** Opening Stored data block **

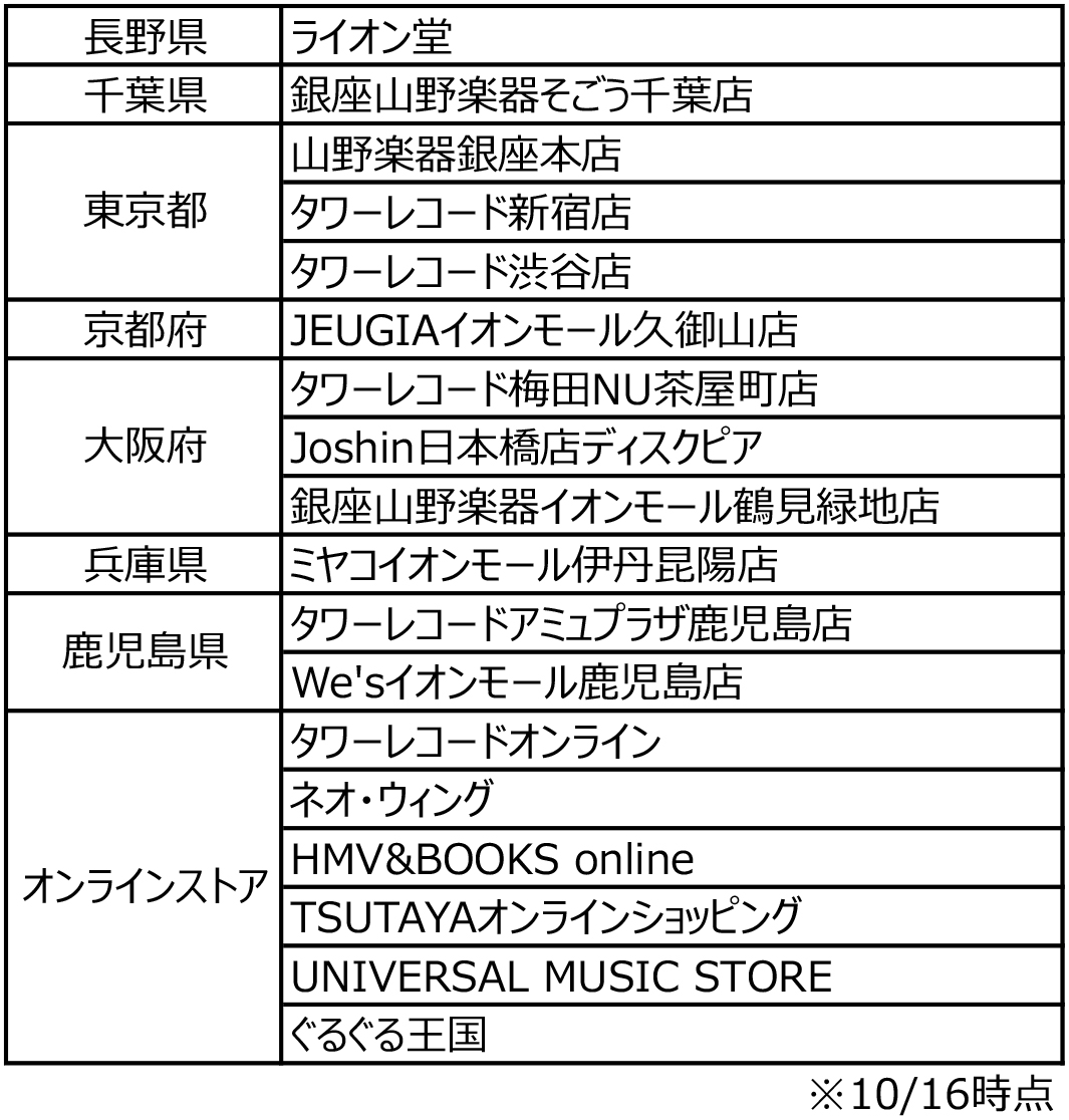 また記載がない店舗でも特典が付く場合がございますので、お近くのCDショップで特典の有無をご確認ください。
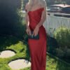 Crafted for standout formal occasions, this prom dress showcases an off-shoulder neckline that frames the shoulders beautifully. The fitted bodice flows into a gentle mermaid silhouette, enhancing natural curves without feeling restrictive. Made from satin with a subtle sheen, the fabric adds depth and richness under evening lighting. A smooth inner lining supports comfort while maintaining structure. This dress is designed for prom, galas, and evening events where elegance, confidence, and refined detail are essential.
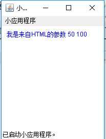 三、源代码 import java.applet.Applet; import java.awt.*; public class PassNumber extends Applet { String str; int x,y; public void init() { str = getParameter("string"); x = Integer.valueOf(getParameter("x1")); y = Integer.valueOf(getParameter("x2")); } } <body> <applet code="PassNumber.class" height=200 width=300> <param name=string value="我是来自HTML的参数"> <param name = x1 value="50"> <param name = x2 value="100"> </applet> </body> <html> 四、实验结果测试、收获与体会:
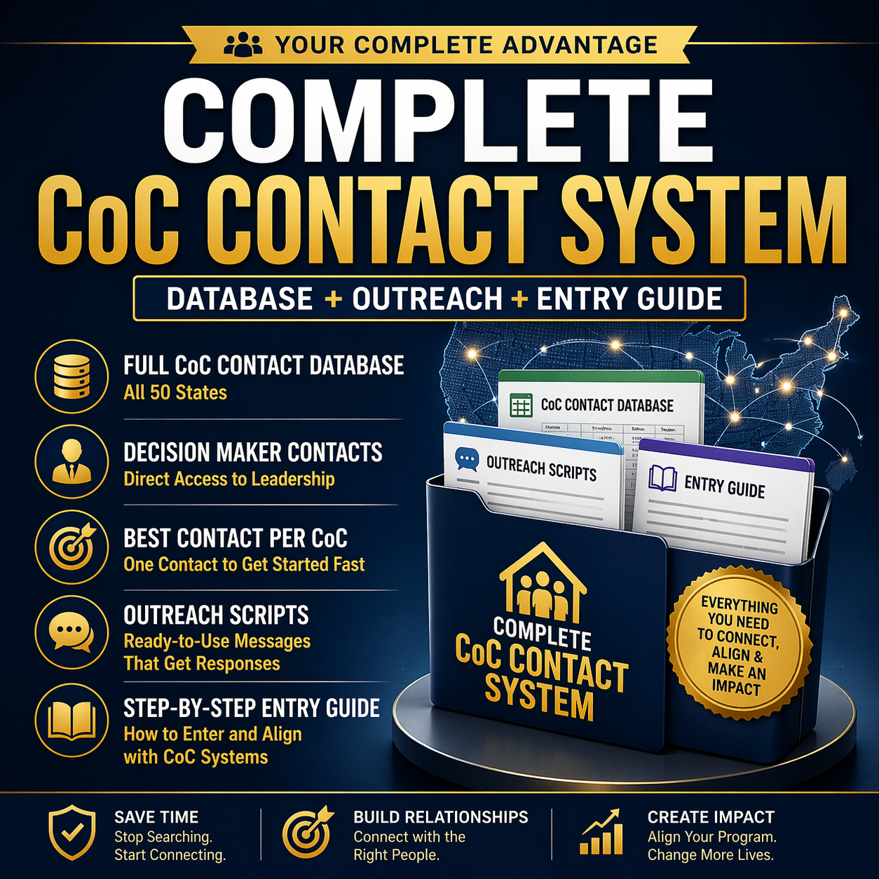 This system shows you exactly who to contact and how to approach them.Stop guessing how to connect with Continuum of Care (CoC) systems.
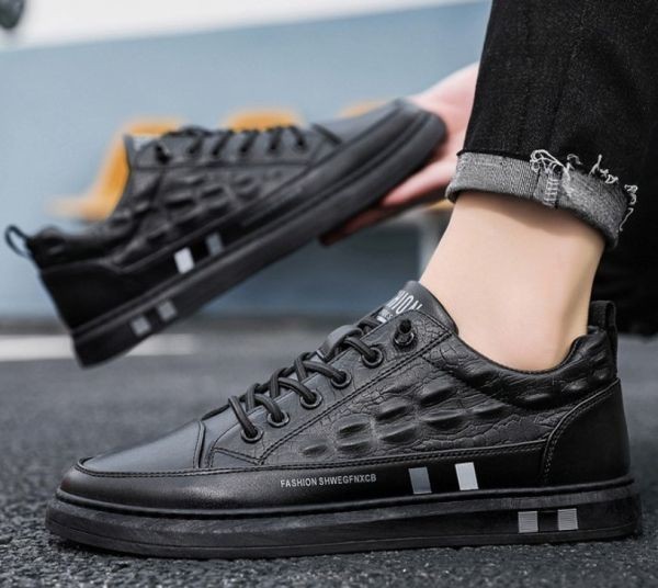 - 靴 【26cm】【 s33 】黒 メンズ ローカット PUレザー スニーカー クロコダイル風 クロコ 型押し シューズ スポーツ カジュアル シンプル
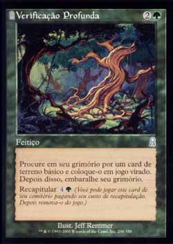 | Nome em Inglês: | Deep Reconnaissance | | Nome em Português: | Verificação Profunda | | Custo de Mana: |   | | Tipo: | Feitiço | | Texto: | Procure em seu grimório por um card de terreno básico e coloque aquele card no Campo de Batalha virado. Embaralhe seu grimório a seguir. Recapitular  . | | Série: |  | | Raridade: | Incomum | | Card: | 236 |
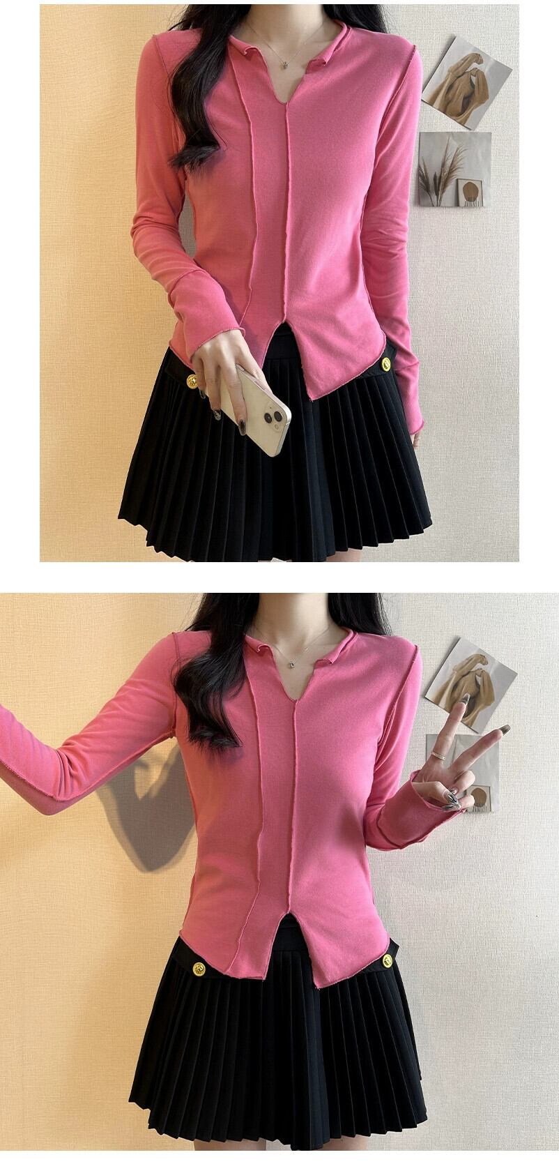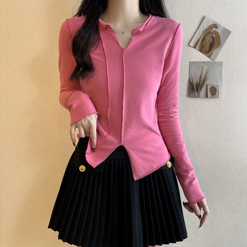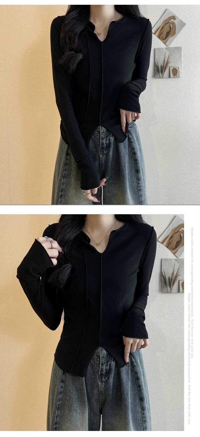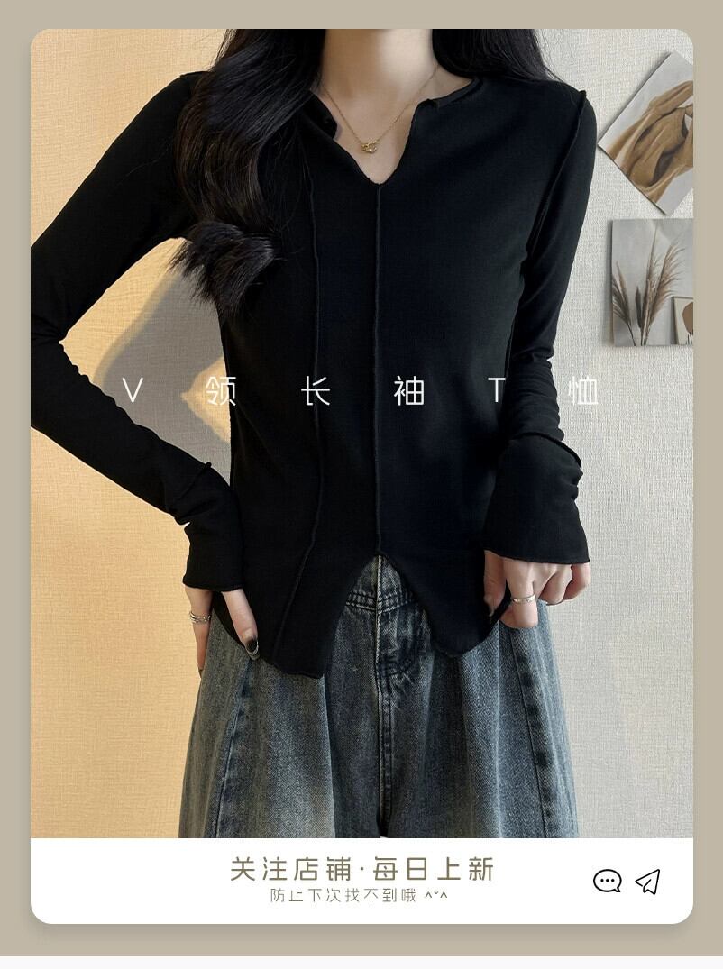黒長袖トップ女性 2024 春と秋の新デザインニッチシックなスリムフィットインナーコットン v ネック tシャツ ロング ブラック スプリング 春物 オータム 秋物 Vネック 7460015044935949 | framboise21

** Closing Stored data block **

Directions for this task:
"Card: | 236 |" marks the last line to keep. Retype every line from the start of the entries through that one, exactly, and drop the pictures.

Task response:
 また記載がない店舗でも特典が付く場合がございますので、お近くのCDショップで特典の有無をご確認ください。
 Crafted for standout formal occasions, this prom dress showcases an off-shoulder neckline that frames the shoulders beautifully. The fitted bodice flows into a gentle mermaid silhouette, enhancing natural curves without feeling restrictive. Made from satin with a subtle sheen, the fabric adds depth and richness under evening lighting. A smooth inner lining supports comfort while maintaining structure. This dress is designed for prom, galas, and evening events where elegance, confidence, and refined detail are essential.
 三、源代码 import java.applet.Applet; import java.awt.*; public class PassNumber extends Applet { String str; int x,y; public void init() { str = getParameter("string"); x = Integer.valueOf(getParameter("x1")); y = Integer.valueOf(getParameter("x2")); } } <body> <applet code="PassNumber.class" height=200 width=300> <param name=string value="我是来自HTML的参数"> <param name = x1 value="50"> <param name = x2 value="100"> </applet> </body> <html> 四、实验结果测试、收获与体会:
 This system shows you exactly who to contact and how to approach them.Stop guessing how to connect with Continuum of Care (CoC) systems.
 - 靴 【26cm】【 s33 】黒 メンズ ローカット PUレザー スニーカー クロコダイル風 クロコ 型押し シューズ スポーツ カジュアル シンプル
 | Nome em Inglês: | Deep Reconnaissance | | Nome em Português: | Verificação Profunda | | Custo de Mana: |   | | Tipo: | Feitiço | | Texto: | Procure em seu grimório por um card de terreno básico e coloque aquele card no Campo de Batalha virado. Embaralhe seu grimório a seguir. Recapitular  . | | Série: |  | | Raridade: | Incomum | | Card: | 236 |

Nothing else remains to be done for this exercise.